■ **Provided material**

______

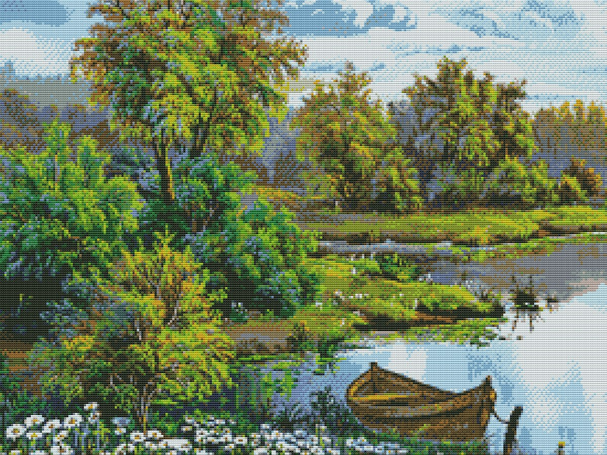 Вышивка крестиком 40х50см, Лодка у реки
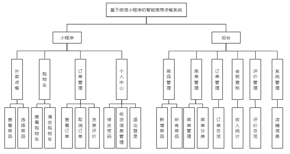 本文设计并实现了一个外卖点餐小程序,融合了传统的餐饮外卖管理与计算机技术,实现外卖业务的高效科学管理,对于商家而言佣金付出较少,经营成本有所改善,使其服务和管理得到实质性的提升,提高品牌形象和行业核心竞争力。而用户则利用微信小程序进行点餐,无需安装占据手机内存,也较为方便快捷。
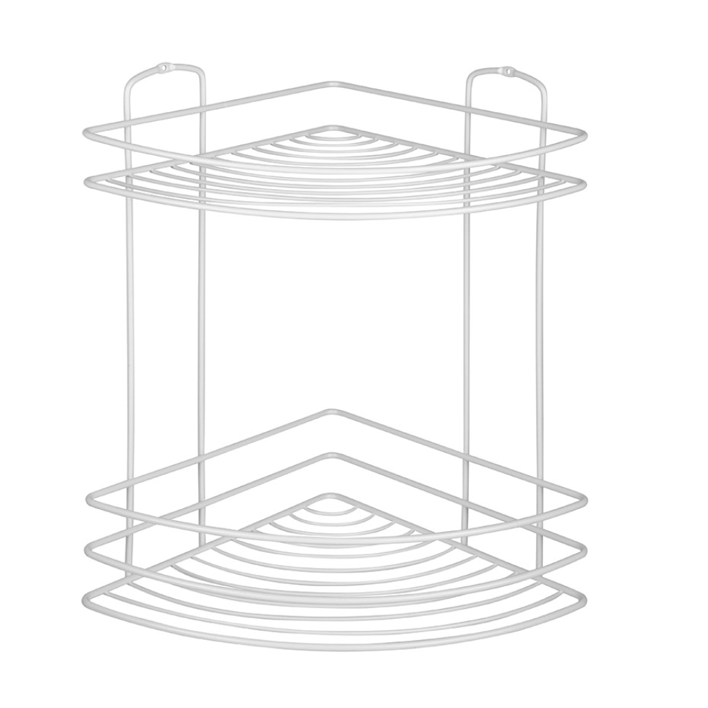 Полка угловая двухъярусная Размер: 21*21*30,5 см. Внешние прутья толщиной 3,5 мм. Внутренние прутья толщиной 2 мм. Цвет: белый. Крепление при помощи 2 шурупов или 2 крючков на самоклеящейся основе (в комплекте). Максимальная нагрузка: 3 кг. Материал: металл с порошковой окраской, ПВХ. Вес: 458 г.
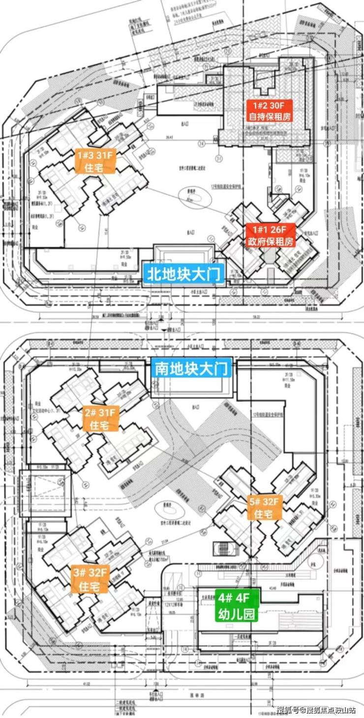 2、3、5栋为纯住宅,总高31-32层,4栋为1所4层2970㎡幼儿园,容积率4.3。
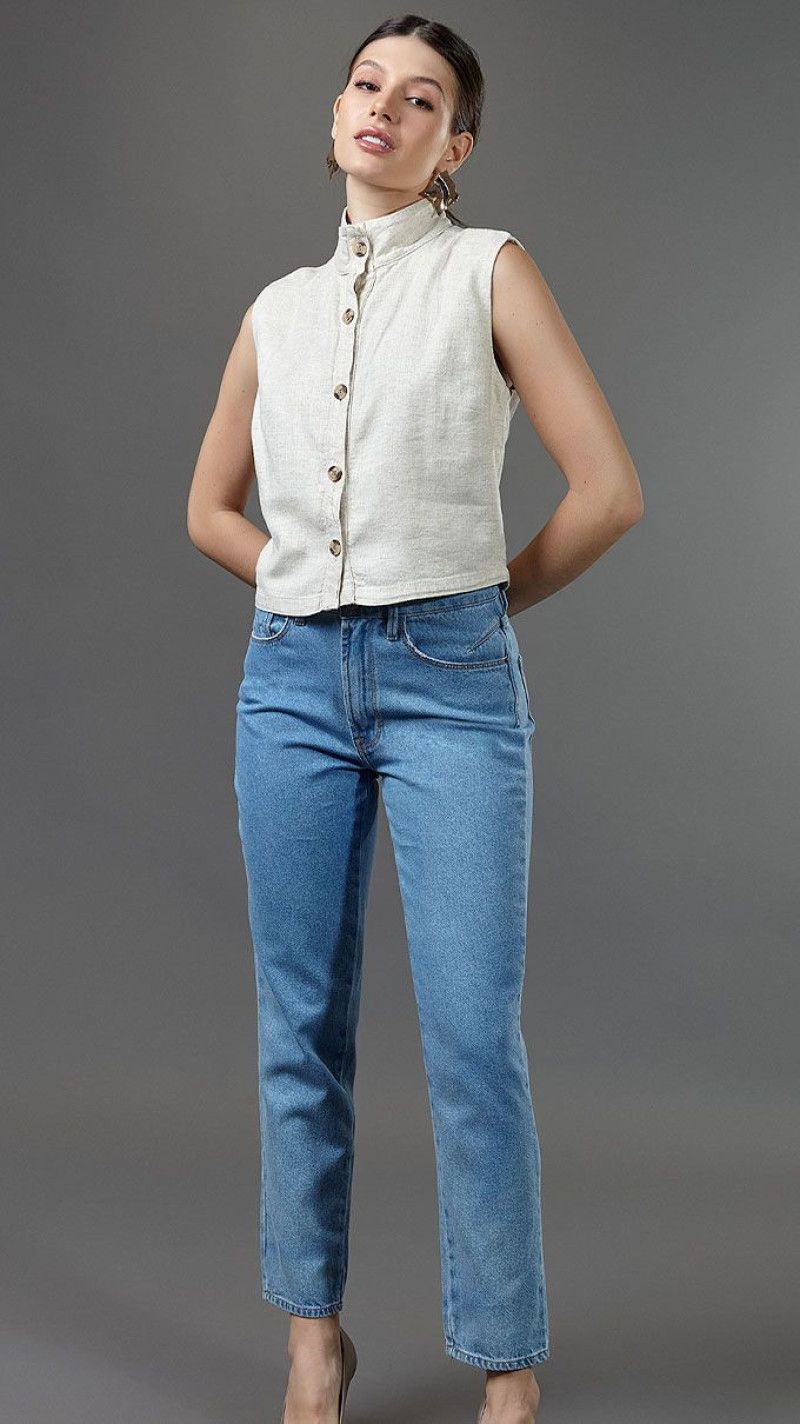 "O essencial com um toque de elegância nosso modelo atemporal, confeccionada com tecido 100% algodão proporcionando um toque incrivelmente confortável e uma modelagem impecável. Versátil e estilosa, esta peça combina perfeitamente com várias opções de parte de cima e uma sandália elegante. A sua versatilidade e design clean são a base perfeita para criar looks que refletem seu estilo único.

______

■ **Task objective**
Pictures stay out; all other material above is restated word for word.

■ **Exercise response**
 Вышивка крестиком 40х50см, Лодка у реки
 本文设计并实现了一个外卖点餐小程序,融合了传统的餐饮外卖管理与计算机技术,实现外卖业务的高效科学管理,对于商家而言佣金付出较少,经营成本有所改善,使其服务和管理得到实质性的提升,提高品牌形象和行业核心竞争力。而用户则利用微信小程序进行点餐,无需安装占据手机内存,也较为方便快捷。
 Полка угловая двухъярусная Размер: 21*21*30,5 см. Внешние прутья толщиной 3,5 мм. Внутренние прутья толщиной 2 мм. Цвет: белый. Крепление при помощи 2 шурупов или 2 крючков на самоклеящейся основе (в комплекте). Максимальная нагрузка: 3 кг. Материал: металл с порошковой окраской, ПВХ. Вес: 458 г.
 2、3、5栋为纯住宅,总高31-32层,4栋为1所4层2970㎡幼儿园,容积率4.3。
 "O essencial com um toque de elegância nosso modelo atemporal, confeccionada com tecido 100% algodão proporcionando um toque incrivelmente confortável e uma modelagem impecável. Versátil e estilosa, esta peça combina perfeitamente com várias opções de parte de cima e uma sandália elegante. A sua versatilidade e design clean são a base perfeita para criar looks que refletem seu estilo único.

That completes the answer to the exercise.